Birds can be difficult to medicate. They do not take pills well; they can find and spit out cleverly hidden tablets in food; and they can be quite a challenge to hold while trying to administer medication.

Adding medications to drinking water is controversial but sometimes is the only practical method available, especially in aviaries. The goal is that the bird will self medicate throughout the day as he periodically drinks water.

There are several disadvantages of this method. The first disadvantage is that not all drugs can be placed in drinking water. Some drugs make the water bitter or bad tasting and the bird will not drink. Instead of just a sick bird, you’ll end up with a sick and dehydrated bird. Some birds may even refuse to drink the water if the medication changed the color of the water. Another disadvantage is that the water and medication mixture must be prepared fresh daily.

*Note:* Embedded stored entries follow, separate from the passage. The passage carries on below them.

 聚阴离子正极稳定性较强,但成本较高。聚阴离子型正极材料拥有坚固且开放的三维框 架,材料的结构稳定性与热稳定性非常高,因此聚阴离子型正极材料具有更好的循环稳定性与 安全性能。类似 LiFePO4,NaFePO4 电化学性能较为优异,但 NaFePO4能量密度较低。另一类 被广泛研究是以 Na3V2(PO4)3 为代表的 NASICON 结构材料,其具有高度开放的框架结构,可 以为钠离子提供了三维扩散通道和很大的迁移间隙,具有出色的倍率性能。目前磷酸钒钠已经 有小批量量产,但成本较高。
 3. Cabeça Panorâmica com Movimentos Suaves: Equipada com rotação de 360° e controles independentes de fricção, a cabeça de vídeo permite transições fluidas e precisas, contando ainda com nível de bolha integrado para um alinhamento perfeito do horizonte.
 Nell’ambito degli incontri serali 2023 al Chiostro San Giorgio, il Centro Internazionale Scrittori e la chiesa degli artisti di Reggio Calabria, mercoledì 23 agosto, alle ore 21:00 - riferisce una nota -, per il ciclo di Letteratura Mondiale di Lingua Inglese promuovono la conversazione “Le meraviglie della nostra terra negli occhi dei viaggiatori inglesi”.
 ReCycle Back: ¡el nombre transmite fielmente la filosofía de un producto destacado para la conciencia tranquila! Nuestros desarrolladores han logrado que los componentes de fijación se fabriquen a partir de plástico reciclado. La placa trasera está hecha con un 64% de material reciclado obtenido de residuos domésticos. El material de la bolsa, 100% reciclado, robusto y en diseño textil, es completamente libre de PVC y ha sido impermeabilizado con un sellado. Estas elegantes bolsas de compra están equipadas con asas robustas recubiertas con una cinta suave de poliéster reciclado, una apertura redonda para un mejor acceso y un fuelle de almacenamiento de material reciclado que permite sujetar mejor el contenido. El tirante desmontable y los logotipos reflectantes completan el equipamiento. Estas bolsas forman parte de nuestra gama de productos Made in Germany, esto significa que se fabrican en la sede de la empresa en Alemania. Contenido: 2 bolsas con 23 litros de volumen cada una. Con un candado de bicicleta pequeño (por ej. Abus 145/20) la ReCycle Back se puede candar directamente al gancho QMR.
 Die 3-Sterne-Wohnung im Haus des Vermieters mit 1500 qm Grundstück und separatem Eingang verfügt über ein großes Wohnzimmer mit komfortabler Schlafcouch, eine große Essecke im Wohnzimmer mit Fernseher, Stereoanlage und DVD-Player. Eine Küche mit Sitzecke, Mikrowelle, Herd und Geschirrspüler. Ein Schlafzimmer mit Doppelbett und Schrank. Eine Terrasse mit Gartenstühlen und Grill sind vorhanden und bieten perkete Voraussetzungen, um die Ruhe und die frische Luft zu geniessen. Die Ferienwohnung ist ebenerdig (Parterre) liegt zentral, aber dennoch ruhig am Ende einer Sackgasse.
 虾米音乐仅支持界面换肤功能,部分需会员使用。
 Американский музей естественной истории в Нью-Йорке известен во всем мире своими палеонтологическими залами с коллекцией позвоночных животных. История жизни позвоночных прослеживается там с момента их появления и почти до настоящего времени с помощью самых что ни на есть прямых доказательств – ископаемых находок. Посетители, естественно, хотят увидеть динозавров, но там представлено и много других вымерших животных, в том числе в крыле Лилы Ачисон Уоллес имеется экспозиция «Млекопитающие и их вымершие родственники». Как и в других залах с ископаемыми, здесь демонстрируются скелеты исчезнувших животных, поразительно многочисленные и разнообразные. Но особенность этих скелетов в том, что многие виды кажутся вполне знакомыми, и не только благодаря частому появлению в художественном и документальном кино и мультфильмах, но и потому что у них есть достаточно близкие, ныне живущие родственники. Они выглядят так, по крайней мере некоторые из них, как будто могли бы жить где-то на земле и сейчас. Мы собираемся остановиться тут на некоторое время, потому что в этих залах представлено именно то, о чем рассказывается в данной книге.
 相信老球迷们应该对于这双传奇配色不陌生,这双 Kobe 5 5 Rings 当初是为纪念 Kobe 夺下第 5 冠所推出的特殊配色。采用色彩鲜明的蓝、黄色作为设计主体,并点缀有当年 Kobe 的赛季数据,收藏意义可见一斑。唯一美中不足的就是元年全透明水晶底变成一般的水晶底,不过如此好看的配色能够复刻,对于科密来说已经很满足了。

Adding medication to food is another method. It is more reliable than the water method, especially if you are able to hide the medication in a favorite treat. Usually, liquid mediations, crushed tablets, or the contents of a capsule are mixed in the food. As the bird eats, the medication is ingested.

The disadvantages are that some birds won’t eat the food with medication since the medication can alter the taste of the food. Medication can be difficult to properly mix with the food. You may need to add water to make the medication moist. This will help adhere the medication to the food pieces.

The most reliable method of medicating your bird is through administration of liquid medications directly to the bird. Most oral suspensions are well-liked by birds, especially if flavored.

Another method of medication delivery is through repeated injections. This is not a very common method due to repeated stress on the bird, pain, and other alternatives available.


Keep them Clean

When it comes to grooming, birds are fussier than a lot of people. A bird likes a regular bath, an occasional manicure, and — if there’s no avian love interest around to provide it — a bit of a haircut from you.

An important rule of thumb: healthy birds groom themselves. A parrot who has been happily preening away and suddenly stops fussing with her feathers or changes her preening routine may be ill and need veterinary attention.

A healthy bird will care for her feathers, beak, and feet pretty much on her own. Birds learn how to groom their feathers early in life. In her daily preening ritual — her version of a comb-out — she’ll preen her feathers, or those of a mate, every day, often just before bedtime.

Your bird may have an oil-secreting gland at the base of her tail, from which she takes oils with her beak to spread over her feathers. Some birds, including cockatoos, may have a powder or dust on their feathers instead. It keeps the feathers in good shape, but some humans are allergic to this dust, so check to see if it bothers you before taking the bird home.

While birds do groom themselves, there are other things you must be aware of, including molting and stress bars (lines that appear on new feathers that are growing in), as well as the need for regular beak and toenail trimmings.